WORK INSTRUCTION> Would you restate each line of the data below word for word, without its pictures?

Start of DATASET EXTRACT

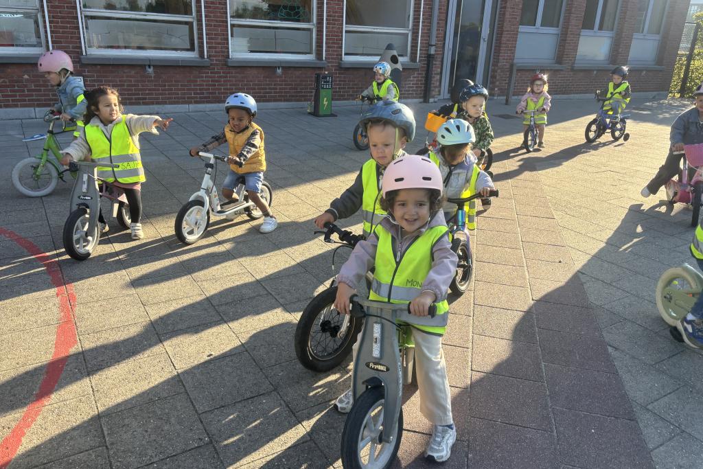 Strapdag! Wat een leuke dag! Fietsen op de speelplaats, stoepkrijten, leren oversteken en stoppen aan de stoeprand, een verkeerswandeling, kijk maar mee..
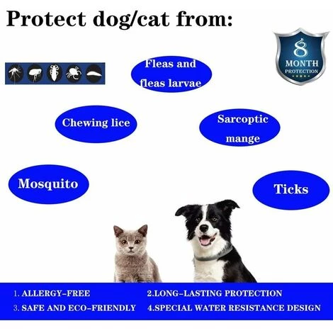 Protection à long terme pendant 8 moisLe collier anti-puces et anti-tiques de 8 mois continue de fonctionner 24 heures par jour, valable jusqu’à 8 mois. Il peut efficacement lutter contre les puces, les tiques et autres insectes qui peuvent entrer en contact. Vous n’avez pas besoin de changer fréquemment, économisez vos efforts.
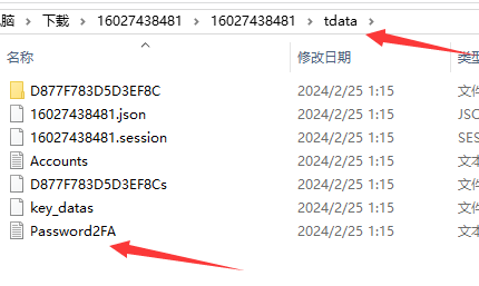 4、打开带有电话号码的解压后的文件夹,然后找到我们需要的文件夹,就是 "tdata"。其中还有一个文本文件,包含2FA授权的密码,如截图所示(这个文件一般在tdata文件夹下面的password2FA文件里)。
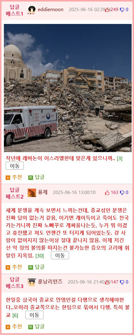 이스라엘 VS 이란 구경하는 레바논 근황 픽시베이 0 1066 0 06.19 20:17 link URL 복사: https://view.humorpick.com/bbs/board.php?bo_table=humor&wr_id=384550 0

End of DATASET EXTRACT

PROBLEM SOLUTION>
 Strapdag! Wat een leuke dag! Fietsen op de speelplaats, stoepkrijten, leren oversteken en stoppen aan de stoeprand, een verkeerswandeling, kijk maar mee..
 Protection à long terme pendant 8 moisLe collier anti-puces et anti-tiques de 8 mois continue de fonctionner 24 heures par jour, valable jusqu’à 8 mois. Il peut efficacement lutter contre les puces, les tiques et autres insectes qui peuvent entrer en contact. Vous n’avez pas besoin de changer fréquemment, économisez vos efforts.
 4、打开带有电话号码的解压后的文件夹,然后找到我们需要的文件夹,就是 "tdata"。其中还有一个文本文件,包含2FA授权的密码,如截图所示(这个文件一般在tdata文件夹下面的password2FA文件里)。
 이스라엘 VS 이란 구경하는 레바논 근황 픽시베이 0 1066 0 06.19 20:17 link URL 복사: https://view.humorpick.com/bbs/board.php?bo_table=humor&wr_id=384550 0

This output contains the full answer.